_The problem_:
After locating the line with "3限の授業の様子です。上から、2組 英語、3組 理科、4組 社会 です。" in the entries below, output it and each following line up to and including the line with "밍크 돔형 모자 - 블랙", exactly and without pictures.

[Data extracted from a collection]
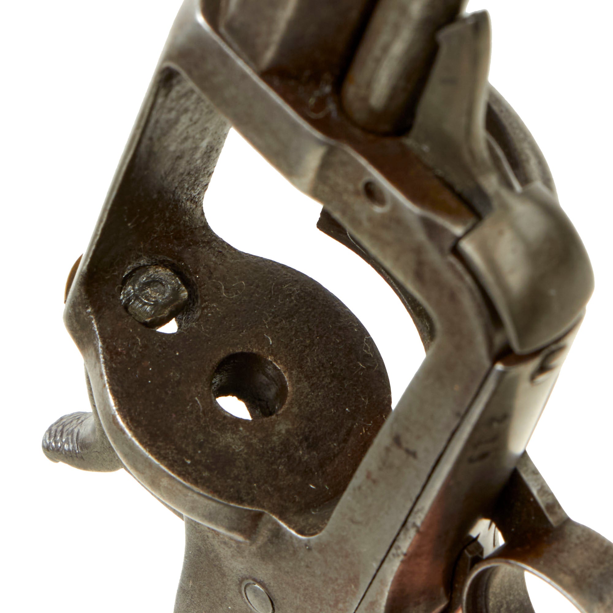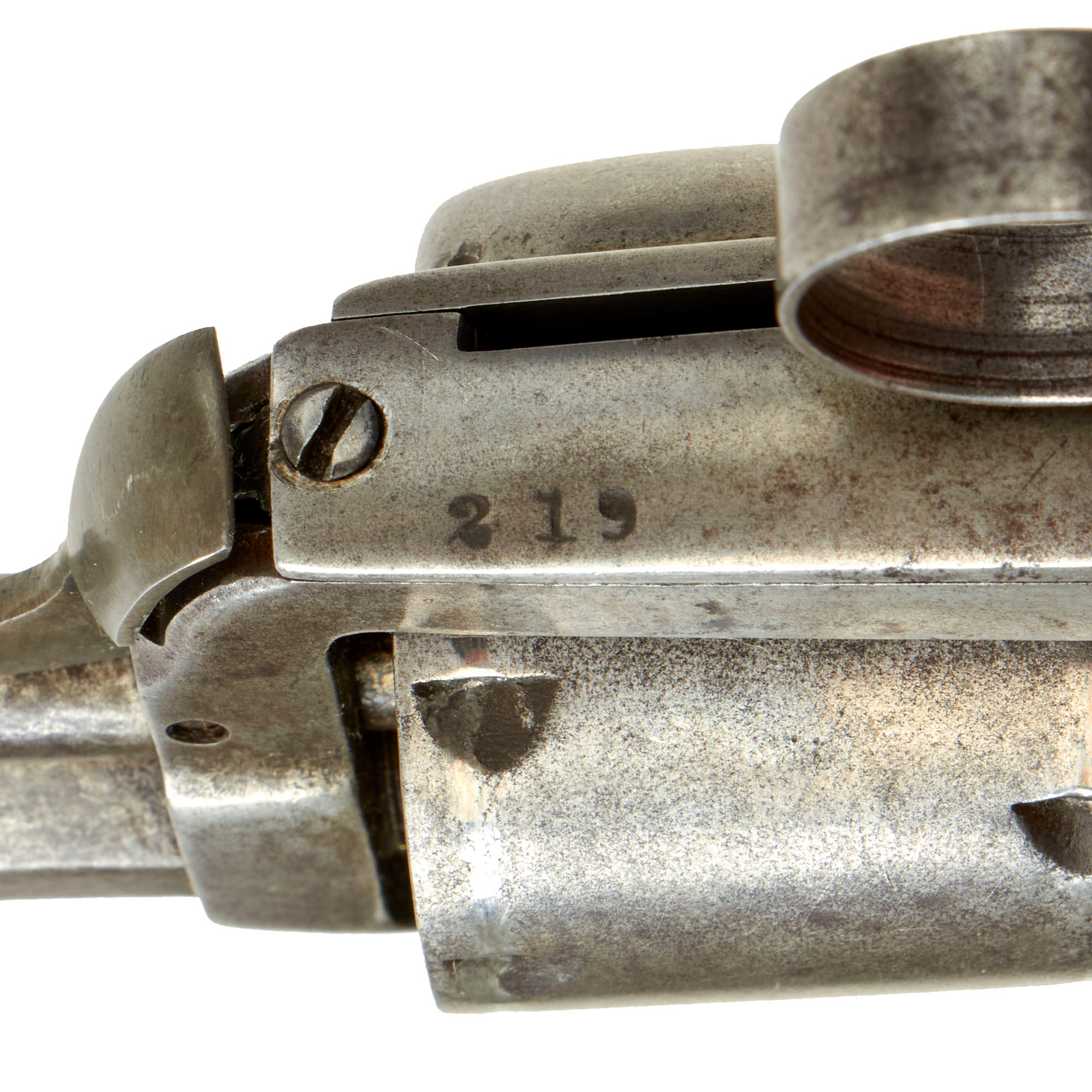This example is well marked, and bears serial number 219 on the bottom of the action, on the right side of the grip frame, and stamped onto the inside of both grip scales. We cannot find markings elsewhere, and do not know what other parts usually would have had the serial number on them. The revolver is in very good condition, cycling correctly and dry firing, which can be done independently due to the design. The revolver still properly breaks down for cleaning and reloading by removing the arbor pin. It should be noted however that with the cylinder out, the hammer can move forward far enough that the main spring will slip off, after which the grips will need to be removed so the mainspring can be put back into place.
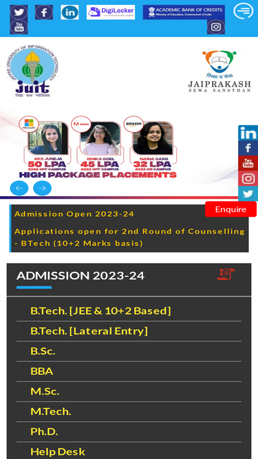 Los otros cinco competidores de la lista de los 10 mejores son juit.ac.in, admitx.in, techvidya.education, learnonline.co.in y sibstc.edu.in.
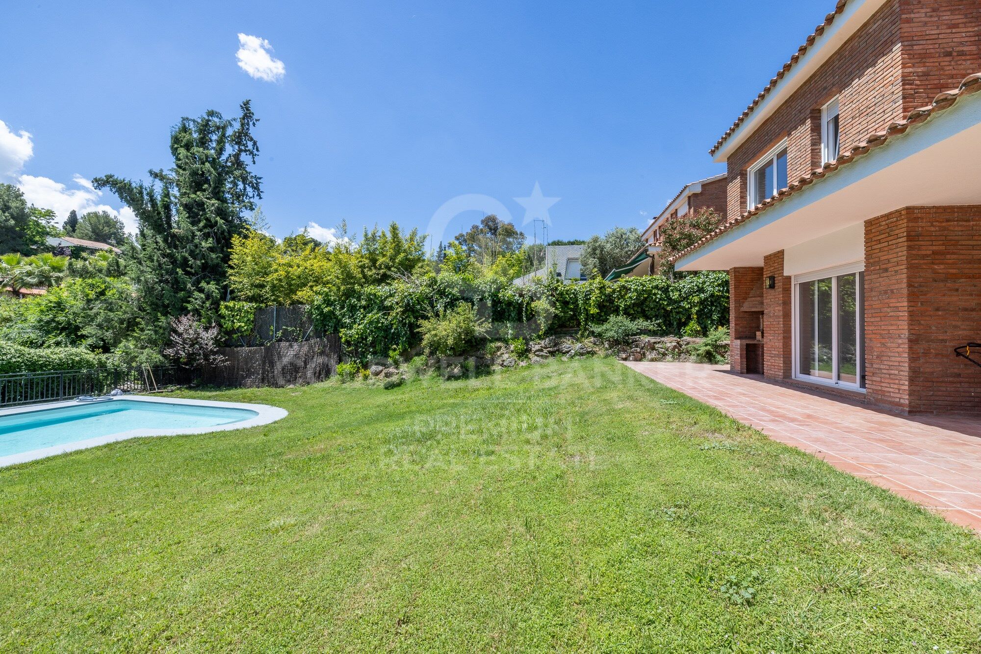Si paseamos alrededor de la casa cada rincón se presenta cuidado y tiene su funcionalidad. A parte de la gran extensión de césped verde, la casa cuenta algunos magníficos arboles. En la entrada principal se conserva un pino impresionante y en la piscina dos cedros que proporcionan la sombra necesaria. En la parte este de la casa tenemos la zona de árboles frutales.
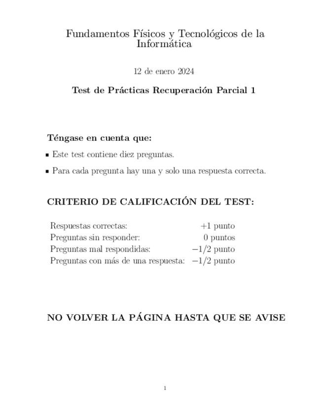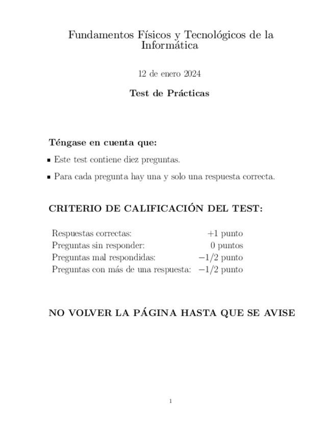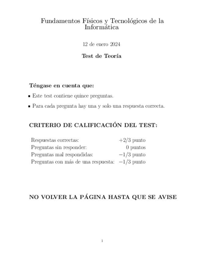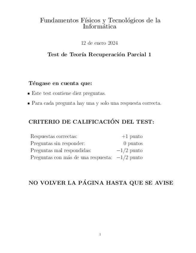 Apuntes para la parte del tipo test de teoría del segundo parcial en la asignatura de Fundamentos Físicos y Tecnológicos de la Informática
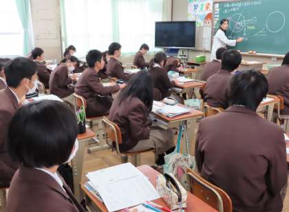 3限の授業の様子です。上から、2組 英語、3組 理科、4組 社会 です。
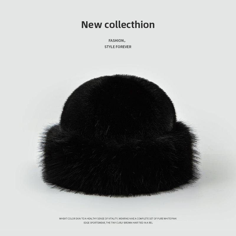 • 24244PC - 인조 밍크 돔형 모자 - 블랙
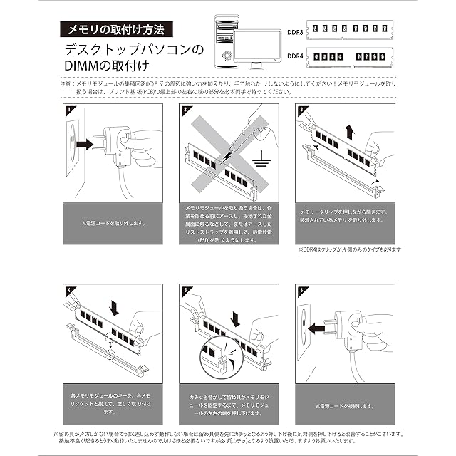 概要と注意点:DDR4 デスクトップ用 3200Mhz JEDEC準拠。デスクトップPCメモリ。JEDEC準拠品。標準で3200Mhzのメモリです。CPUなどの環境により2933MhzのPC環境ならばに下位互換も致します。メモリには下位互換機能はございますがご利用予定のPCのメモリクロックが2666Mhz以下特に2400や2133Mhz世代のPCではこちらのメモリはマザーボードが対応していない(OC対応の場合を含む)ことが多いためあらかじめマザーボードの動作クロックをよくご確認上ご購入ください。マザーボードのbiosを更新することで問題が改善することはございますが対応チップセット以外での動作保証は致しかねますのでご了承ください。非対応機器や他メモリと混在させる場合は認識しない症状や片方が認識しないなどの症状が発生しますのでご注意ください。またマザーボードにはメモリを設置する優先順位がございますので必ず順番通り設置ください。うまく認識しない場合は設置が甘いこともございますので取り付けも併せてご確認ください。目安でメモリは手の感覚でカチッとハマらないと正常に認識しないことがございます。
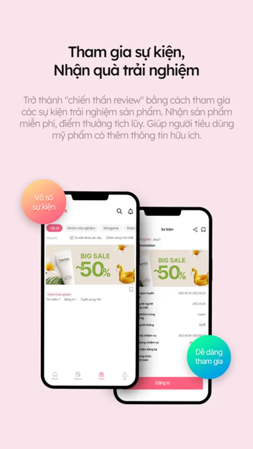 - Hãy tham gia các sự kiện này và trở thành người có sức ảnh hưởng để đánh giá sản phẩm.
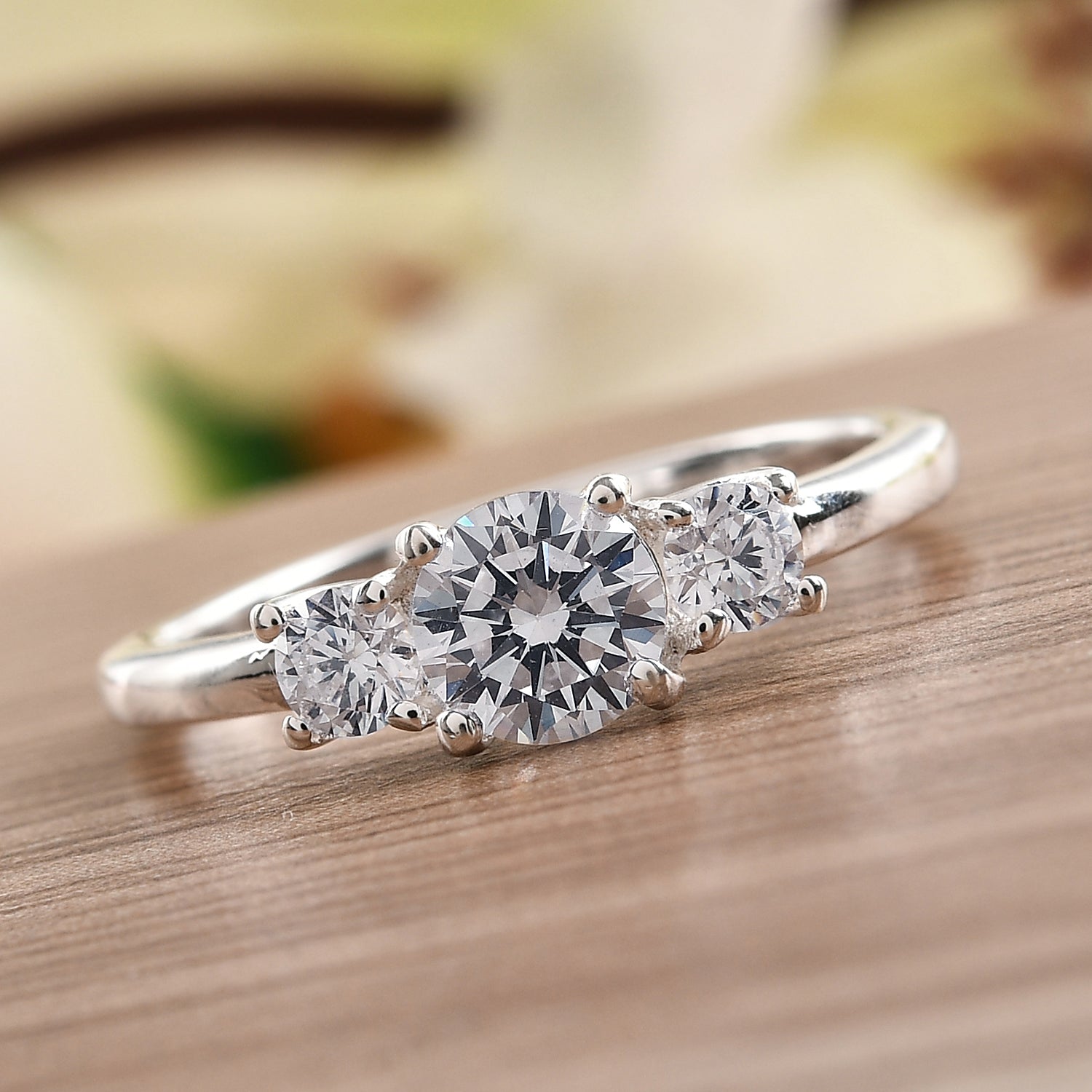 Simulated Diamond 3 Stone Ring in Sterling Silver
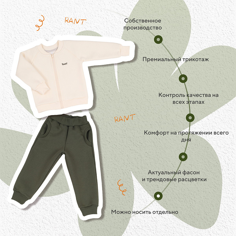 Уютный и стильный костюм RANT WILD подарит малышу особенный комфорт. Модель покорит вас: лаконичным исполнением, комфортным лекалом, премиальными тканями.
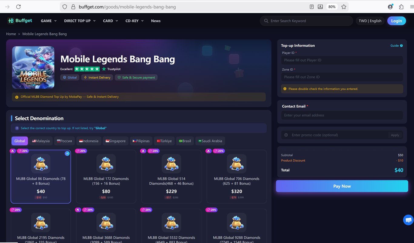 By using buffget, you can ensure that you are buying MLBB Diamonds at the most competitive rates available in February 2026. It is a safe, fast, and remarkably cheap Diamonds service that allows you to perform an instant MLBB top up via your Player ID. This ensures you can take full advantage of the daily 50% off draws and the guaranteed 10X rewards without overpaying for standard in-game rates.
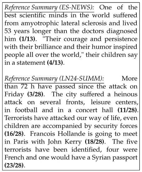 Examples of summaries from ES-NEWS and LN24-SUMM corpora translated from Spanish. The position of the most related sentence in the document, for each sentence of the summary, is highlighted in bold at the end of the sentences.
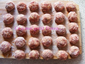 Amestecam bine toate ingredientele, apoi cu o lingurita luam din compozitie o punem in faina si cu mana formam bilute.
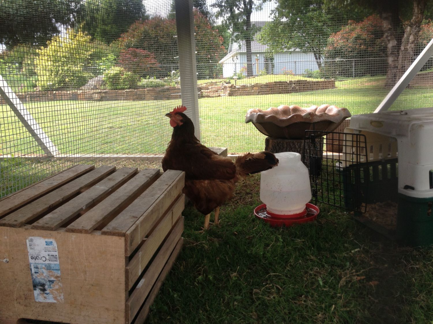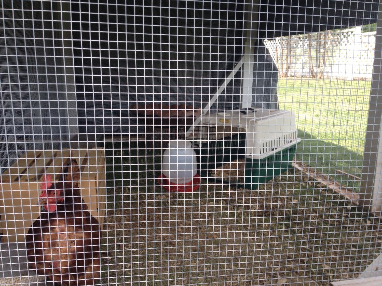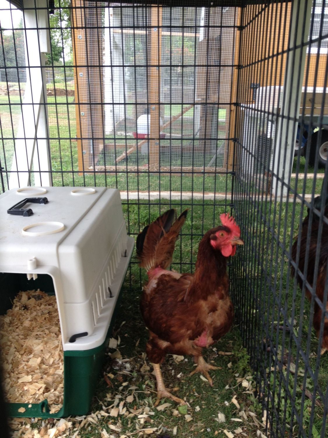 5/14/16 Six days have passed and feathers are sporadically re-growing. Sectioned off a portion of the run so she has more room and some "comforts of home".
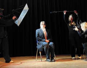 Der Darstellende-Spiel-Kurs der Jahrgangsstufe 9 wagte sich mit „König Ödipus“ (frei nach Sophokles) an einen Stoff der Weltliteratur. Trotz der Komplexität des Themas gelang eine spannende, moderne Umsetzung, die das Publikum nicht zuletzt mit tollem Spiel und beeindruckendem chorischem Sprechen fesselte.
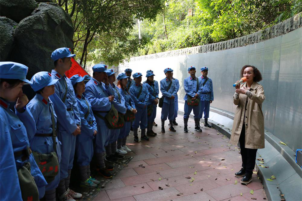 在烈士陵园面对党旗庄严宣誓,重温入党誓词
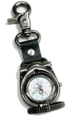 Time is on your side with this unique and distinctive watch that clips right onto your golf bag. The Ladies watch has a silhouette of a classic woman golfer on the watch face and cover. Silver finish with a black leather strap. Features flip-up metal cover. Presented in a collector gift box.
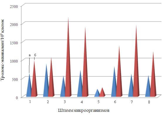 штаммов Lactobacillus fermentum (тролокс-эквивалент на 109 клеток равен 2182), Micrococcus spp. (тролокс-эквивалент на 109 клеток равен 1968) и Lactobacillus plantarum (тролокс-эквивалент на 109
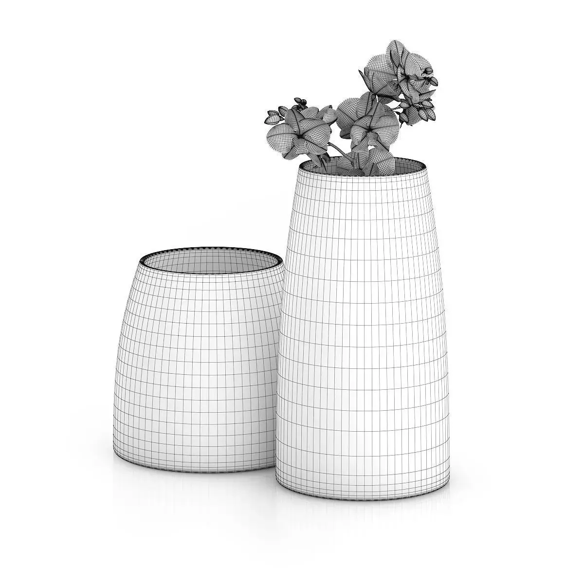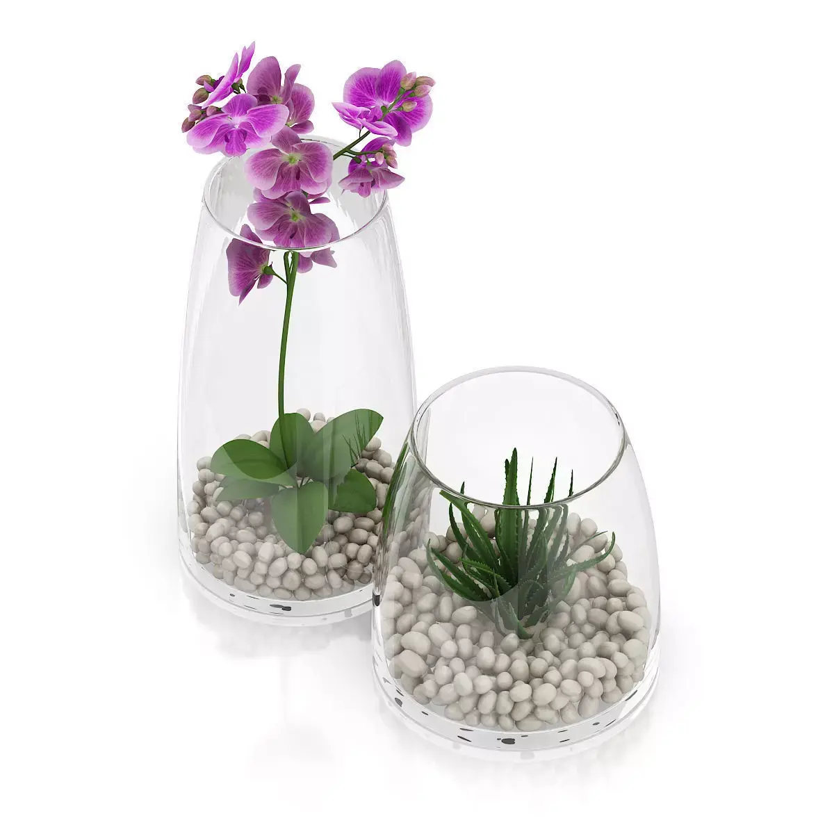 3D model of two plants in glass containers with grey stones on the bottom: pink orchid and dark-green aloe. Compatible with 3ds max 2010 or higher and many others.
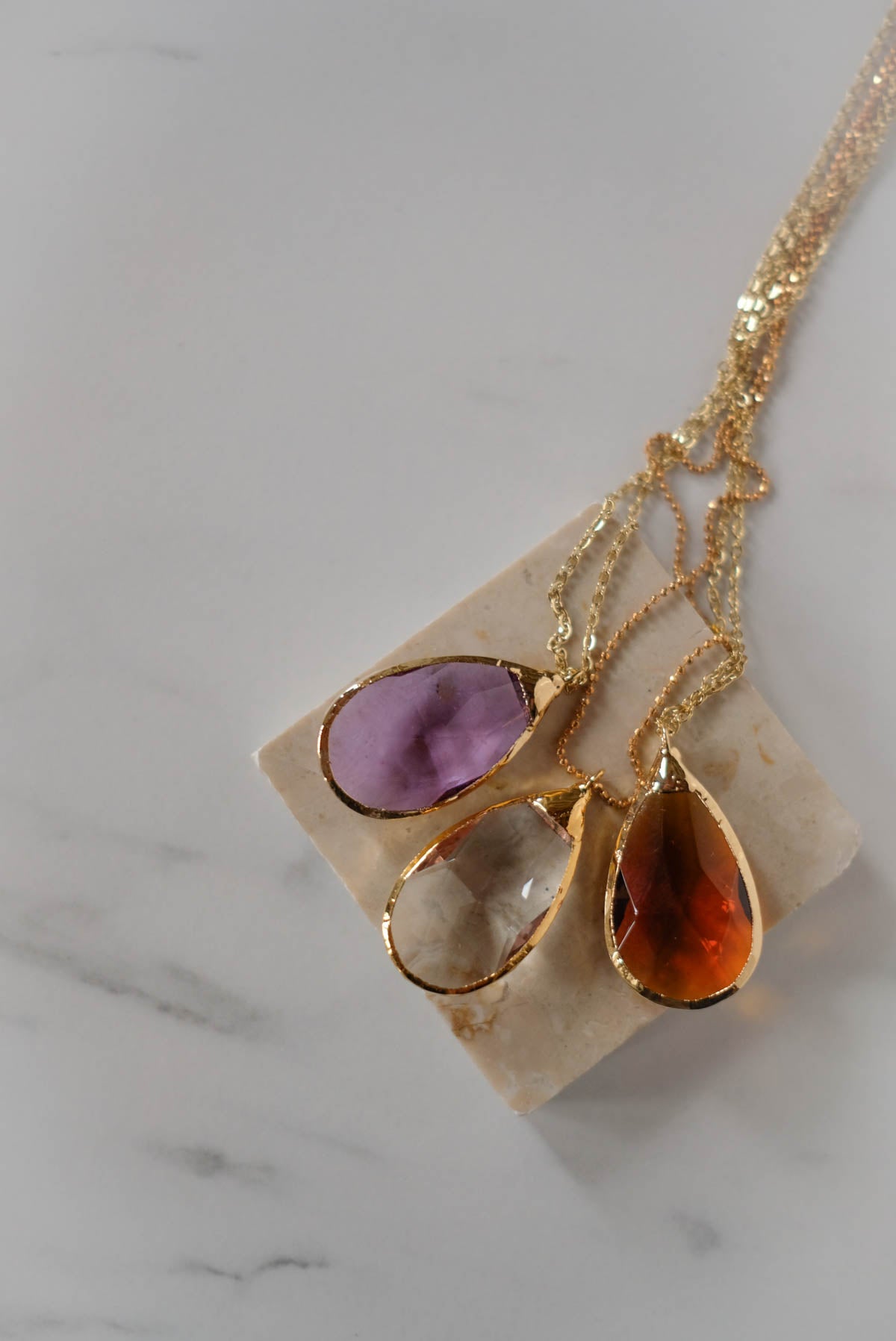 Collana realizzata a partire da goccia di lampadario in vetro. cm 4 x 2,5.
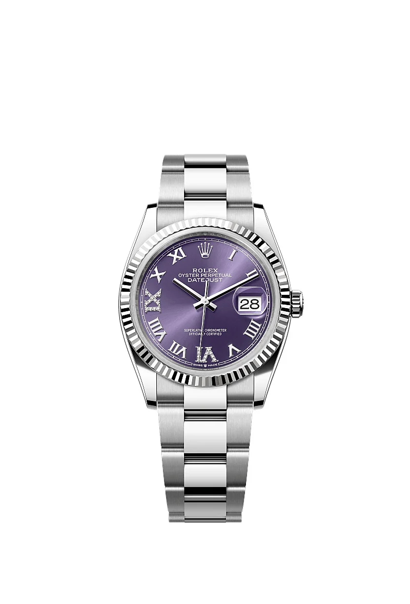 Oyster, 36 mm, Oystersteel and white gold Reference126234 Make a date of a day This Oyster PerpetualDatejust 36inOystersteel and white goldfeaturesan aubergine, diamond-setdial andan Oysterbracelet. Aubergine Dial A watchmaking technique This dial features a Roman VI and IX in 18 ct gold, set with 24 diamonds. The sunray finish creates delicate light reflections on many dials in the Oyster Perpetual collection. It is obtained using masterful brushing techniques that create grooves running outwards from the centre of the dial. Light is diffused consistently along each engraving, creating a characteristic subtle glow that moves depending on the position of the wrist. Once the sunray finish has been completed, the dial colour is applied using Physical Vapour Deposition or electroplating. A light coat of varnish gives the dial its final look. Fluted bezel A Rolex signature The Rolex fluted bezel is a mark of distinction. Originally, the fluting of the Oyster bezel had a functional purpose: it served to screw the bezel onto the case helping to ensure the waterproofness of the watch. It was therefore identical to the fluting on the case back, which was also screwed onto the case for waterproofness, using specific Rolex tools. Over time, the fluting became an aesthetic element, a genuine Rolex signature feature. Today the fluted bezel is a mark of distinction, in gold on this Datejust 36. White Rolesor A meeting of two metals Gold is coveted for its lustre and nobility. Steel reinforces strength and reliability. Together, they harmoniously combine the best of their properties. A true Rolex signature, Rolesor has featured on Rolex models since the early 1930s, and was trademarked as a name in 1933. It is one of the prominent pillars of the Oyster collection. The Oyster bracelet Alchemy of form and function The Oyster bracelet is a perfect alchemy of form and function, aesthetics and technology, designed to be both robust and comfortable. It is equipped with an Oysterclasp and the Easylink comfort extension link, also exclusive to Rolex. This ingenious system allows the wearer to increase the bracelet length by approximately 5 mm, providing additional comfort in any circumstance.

_Answer to this task_:
 3限の授業の様子です。上から、2組 英語、3組 理科、4組 社会 です。
 • 24244PC - 인조 밍크 돔형 모자 - 블랙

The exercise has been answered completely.